● EXERCISE PROMPT: The response must consist of the lines below from the one with "最近,有关儿童牛奶饮料含有肉毒杆菌会引发白血病的谣言又在网络上流传开了。" through the one with "Comprar Ratón inalámbrico", exactly as they appear and with both ends kept.

● GIVEN DATA:

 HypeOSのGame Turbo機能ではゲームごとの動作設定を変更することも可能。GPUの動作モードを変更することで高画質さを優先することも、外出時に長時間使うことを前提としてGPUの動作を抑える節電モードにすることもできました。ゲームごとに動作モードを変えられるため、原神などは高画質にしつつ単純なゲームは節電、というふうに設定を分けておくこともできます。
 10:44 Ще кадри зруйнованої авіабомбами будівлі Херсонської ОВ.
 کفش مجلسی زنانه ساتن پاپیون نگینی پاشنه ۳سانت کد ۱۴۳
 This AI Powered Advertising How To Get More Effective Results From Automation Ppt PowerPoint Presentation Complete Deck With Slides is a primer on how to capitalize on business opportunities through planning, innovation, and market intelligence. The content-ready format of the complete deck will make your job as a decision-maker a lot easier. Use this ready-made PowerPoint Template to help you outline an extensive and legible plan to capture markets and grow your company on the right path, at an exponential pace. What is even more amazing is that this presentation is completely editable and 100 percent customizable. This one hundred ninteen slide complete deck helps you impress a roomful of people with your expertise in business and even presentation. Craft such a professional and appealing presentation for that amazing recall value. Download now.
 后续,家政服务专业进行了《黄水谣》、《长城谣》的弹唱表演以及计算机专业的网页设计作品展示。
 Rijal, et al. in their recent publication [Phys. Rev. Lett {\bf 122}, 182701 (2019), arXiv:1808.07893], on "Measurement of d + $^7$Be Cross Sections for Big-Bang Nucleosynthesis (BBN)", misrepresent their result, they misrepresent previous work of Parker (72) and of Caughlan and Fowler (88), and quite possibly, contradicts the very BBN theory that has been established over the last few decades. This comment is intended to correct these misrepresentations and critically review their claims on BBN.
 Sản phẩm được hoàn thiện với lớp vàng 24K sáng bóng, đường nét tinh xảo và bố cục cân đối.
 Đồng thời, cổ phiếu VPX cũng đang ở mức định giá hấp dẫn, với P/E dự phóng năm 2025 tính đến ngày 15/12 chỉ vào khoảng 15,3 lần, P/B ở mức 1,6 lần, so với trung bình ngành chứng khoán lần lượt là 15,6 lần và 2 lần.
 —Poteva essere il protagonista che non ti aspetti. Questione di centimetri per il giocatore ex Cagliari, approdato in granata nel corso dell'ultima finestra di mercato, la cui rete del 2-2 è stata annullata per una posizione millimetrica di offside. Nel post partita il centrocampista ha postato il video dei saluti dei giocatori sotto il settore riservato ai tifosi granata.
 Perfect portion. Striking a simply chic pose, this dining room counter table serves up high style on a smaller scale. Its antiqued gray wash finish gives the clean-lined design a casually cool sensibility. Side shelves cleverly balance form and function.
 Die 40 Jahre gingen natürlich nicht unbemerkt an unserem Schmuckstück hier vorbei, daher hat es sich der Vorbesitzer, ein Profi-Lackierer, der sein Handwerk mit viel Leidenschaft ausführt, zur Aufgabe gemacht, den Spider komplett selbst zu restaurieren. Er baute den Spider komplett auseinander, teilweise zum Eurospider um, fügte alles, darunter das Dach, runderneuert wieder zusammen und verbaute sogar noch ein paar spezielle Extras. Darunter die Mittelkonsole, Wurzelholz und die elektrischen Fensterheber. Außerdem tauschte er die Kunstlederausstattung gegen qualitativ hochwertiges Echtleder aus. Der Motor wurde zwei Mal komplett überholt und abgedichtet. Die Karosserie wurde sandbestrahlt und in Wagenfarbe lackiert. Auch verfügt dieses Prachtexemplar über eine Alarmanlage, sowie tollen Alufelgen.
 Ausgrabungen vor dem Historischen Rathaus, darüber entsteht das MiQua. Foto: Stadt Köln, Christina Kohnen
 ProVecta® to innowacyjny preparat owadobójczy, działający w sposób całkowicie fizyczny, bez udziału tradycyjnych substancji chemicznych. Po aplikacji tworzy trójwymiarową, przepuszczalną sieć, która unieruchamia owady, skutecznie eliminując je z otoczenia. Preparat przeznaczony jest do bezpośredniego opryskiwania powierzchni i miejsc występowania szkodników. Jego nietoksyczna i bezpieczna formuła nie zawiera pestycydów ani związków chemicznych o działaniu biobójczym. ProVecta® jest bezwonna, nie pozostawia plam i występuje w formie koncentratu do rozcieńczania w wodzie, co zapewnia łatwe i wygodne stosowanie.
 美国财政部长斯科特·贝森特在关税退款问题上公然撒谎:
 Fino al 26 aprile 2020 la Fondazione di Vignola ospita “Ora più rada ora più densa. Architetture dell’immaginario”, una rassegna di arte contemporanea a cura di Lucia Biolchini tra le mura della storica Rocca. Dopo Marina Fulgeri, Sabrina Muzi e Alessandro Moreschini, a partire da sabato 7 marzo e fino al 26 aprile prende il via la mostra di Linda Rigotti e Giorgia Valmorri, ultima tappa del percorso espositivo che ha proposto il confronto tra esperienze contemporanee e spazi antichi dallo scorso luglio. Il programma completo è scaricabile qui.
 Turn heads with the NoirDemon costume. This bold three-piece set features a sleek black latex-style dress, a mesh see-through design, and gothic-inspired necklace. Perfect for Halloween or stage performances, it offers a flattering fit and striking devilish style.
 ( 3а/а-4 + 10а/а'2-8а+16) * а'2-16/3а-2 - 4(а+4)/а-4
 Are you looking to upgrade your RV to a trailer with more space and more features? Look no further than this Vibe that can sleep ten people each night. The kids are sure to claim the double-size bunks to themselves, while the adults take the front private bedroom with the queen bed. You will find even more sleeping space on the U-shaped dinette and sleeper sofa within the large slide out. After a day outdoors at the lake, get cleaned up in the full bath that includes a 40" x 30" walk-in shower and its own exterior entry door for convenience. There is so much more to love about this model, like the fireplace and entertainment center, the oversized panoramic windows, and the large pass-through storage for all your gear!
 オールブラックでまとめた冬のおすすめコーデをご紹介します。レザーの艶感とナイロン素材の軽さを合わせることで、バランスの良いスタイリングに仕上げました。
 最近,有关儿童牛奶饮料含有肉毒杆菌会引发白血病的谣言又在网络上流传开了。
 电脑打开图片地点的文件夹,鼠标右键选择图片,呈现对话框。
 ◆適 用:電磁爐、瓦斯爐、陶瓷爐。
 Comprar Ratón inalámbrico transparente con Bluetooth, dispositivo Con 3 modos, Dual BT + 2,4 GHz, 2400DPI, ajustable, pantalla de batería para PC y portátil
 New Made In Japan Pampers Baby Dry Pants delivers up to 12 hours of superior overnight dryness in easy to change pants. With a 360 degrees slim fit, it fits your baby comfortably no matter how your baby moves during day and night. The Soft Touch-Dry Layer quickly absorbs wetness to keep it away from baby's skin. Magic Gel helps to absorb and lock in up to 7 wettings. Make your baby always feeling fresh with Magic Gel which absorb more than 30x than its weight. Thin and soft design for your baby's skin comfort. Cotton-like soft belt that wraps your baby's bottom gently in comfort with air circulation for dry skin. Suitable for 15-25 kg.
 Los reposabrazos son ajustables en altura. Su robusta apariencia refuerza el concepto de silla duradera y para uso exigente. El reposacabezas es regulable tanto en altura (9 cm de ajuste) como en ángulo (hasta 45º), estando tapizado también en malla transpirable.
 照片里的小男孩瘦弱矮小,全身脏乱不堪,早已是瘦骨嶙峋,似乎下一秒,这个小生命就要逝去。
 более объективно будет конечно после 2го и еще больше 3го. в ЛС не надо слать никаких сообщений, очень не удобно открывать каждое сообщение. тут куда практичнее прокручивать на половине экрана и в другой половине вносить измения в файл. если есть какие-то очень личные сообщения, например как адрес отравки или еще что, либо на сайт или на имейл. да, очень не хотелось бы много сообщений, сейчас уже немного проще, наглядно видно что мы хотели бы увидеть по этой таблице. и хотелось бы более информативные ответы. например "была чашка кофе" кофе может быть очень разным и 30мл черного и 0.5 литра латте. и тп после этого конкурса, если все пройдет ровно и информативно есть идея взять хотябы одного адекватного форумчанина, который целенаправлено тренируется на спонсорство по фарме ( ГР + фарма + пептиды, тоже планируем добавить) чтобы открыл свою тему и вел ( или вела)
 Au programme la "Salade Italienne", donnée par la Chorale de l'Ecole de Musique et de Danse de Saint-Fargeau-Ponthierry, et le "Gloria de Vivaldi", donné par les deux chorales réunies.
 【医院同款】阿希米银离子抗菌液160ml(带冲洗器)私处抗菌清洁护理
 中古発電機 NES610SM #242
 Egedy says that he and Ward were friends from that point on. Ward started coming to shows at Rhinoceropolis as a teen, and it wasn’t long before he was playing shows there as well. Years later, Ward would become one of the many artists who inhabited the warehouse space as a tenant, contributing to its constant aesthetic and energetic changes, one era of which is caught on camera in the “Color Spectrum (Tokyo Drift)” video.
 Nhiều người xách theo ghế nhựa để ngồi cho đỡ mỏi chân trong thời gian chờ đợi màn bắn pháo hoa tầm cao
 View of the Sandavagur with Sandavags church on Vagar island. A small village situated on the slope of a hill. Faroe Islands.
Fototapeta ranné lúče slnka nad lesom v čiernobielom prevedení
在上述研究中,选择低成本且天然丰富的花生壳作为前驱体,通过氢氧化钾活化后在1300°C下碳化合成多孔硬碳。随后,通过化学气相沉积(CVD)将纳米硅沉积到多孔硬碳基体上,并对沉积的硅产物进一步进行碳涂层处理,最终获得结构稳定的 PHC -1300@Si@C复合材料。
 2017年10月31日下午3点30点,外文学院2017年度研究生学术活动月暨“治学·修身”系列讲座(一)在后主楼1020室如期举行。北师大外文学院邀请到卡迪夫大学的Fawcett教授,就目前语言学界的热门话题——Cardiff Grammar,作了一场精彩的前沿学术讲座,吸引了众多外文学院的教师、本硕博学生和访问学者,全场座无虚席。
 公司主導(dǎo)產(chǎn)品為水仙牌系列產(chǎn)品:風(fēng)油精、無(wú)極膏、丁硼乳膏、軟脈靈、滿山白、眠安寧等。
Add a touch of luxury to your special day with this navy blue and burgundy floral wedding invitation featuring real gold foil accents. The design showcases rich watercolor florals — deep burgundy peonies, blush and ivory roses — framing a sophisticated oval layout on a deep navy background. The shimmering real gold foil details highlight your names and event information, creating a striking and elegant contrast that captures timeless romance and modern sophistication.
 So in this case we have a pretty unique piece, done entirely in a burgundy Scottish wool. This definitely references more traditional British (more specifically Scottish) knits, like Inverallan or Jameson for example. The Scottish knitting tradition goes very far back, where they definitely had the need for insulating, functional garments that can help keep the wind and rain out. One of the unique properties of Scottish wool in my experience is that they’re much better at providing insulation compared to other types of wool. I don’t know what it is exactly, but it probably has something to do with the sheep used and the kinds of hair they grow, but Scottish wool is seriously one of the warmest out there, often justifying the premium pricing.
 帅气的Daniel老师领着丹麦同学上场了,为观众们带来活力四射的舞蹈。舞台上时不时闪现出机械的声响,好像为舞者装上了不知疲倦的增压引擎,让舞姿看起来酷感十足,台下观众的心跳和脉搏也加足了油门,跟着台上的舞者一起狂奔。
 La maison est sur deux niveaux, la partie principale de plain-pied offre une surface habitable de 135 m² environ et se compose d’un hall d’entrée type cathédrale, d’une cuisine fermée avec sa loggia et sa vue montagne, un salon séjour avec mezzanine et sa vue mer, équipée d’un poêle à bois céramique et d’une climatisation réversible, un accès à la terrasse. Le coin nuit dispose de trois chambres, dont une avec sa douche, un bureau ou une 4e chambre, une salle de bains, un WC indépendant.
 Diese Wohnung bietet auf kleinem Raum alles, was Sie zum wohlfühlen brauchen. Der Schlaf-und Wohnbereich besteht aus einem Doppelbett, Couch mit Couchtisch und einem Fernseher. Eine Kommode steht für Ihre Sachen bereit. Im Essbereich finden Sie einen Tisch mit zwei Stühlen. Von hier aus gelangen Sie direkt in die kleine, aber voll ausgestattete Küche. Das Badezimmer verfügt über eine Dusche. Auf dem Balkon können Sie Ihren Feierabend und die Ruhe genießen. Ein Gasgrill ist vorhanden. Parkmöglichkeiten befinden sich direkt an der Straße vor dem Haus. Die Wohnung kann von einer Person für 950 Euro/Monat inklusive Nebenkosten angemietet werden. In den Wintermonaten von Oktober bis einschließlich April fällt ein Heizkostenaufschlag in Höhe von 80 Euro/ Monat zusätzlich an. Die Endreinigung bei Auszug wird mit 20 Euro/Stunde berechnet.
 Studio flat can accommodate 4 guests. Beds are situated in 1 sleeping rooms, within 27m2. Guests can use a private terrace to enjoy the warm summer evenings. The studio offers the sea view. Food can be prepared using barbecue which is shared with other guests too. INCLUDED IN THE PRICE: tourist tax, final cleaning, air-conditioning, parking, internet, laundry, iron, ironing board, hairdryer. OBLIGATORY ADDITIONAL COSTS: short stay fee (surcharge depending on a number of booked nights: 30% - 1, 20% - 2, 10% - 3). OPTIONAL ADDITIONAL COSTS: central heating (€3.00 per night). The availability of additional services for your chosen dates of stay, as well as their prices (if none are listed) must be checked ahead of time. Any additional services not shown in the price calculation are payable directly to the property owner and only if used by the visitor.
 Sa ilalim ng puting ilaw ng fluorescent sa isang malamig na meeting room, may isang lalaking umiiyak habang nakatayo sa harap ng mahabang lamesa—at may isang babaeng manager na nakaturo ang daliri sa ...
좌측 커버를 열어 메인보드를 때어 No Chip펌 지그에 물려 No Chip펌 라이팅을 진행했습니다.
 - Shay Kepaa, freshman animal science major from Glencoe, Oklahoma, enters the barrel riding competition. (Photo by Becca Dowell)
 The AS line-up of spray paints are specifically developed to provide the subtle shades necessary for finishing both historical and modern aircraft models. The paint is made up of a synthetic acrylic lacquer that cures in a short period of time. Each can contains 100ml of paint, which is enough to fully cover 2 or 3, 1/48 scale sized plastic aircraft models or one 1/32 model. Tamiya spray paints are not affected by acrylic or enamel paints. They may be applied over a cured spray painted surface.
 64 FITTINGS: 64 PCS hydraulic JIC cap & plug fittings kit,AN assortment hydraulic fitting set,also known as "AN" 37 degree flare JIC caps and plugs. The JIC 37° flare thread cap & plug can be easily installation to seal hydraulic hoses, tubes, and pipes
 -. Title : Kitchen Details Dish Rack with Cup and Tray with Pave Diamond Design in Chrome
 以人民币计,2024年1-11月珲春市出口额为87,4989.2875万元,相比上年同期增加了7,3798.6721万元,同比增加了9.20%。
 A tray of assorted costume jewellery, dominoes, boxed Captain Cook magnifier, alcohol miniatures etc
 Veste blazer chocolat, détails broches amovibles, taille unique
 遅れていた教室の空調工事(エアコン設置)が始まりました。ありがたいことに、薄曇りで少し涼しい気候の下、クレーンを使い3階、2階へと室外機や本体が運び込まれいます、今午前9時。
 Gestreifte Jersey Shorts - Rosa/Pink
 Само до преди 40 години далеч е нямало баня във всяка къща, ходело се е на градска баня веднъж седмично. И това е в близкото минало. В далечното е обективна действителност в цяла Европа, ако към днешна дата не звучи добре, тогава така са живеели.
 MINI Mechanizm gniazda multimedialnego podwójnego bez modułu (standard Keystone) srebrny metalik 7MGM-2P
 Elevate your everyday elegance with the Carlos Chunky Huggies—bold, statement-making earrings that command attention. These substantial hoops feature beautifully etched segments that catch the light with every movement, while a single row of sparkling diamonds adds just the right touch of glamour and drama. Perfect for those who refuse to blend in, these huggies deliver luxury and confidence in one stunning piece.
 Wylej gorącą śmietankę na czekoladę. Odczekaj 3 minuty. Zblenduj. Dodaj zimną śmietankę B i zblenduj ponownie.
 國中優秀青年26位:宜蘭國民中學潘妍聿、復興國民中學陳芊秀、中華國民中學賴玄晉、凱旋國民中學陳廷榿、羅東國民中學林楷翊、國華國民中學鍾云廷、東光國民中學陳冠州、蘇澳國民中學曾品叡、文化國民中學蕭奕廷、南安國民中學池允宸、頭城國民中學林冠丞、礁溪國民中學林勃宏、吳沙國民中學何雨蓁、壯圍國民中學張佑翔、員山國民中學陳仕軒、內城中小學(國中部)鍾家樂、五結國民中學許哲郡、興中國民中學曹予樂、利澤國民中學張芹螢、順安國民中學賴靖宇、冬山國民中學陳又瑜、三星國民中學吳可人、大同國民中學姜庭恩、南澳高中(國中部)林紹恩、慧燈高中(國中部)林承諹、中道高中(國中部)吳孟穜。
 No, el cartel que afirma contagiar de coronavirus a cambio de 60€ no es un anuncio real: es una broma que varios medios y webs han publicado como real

● RESULT FOR THIS EXERCISE:
 最近,有关儿童牛奶饮料含有肉毒杆菌会引发白血病的谣言又在网络上流传开了。
 电脑打开图片地点的文件夹,鼠标右键选择图片,呈现对话框。
 ◆適 用:電磁爐、瓦斯爐、陶瓷爐。
 Comprar Ratón inalámbrico transparente con Bluetooth, dispositivo Con 3 modos, Dual BT + 2,4 GHz, 2400DPI, ajustable, pantalla de batería para PC y portátil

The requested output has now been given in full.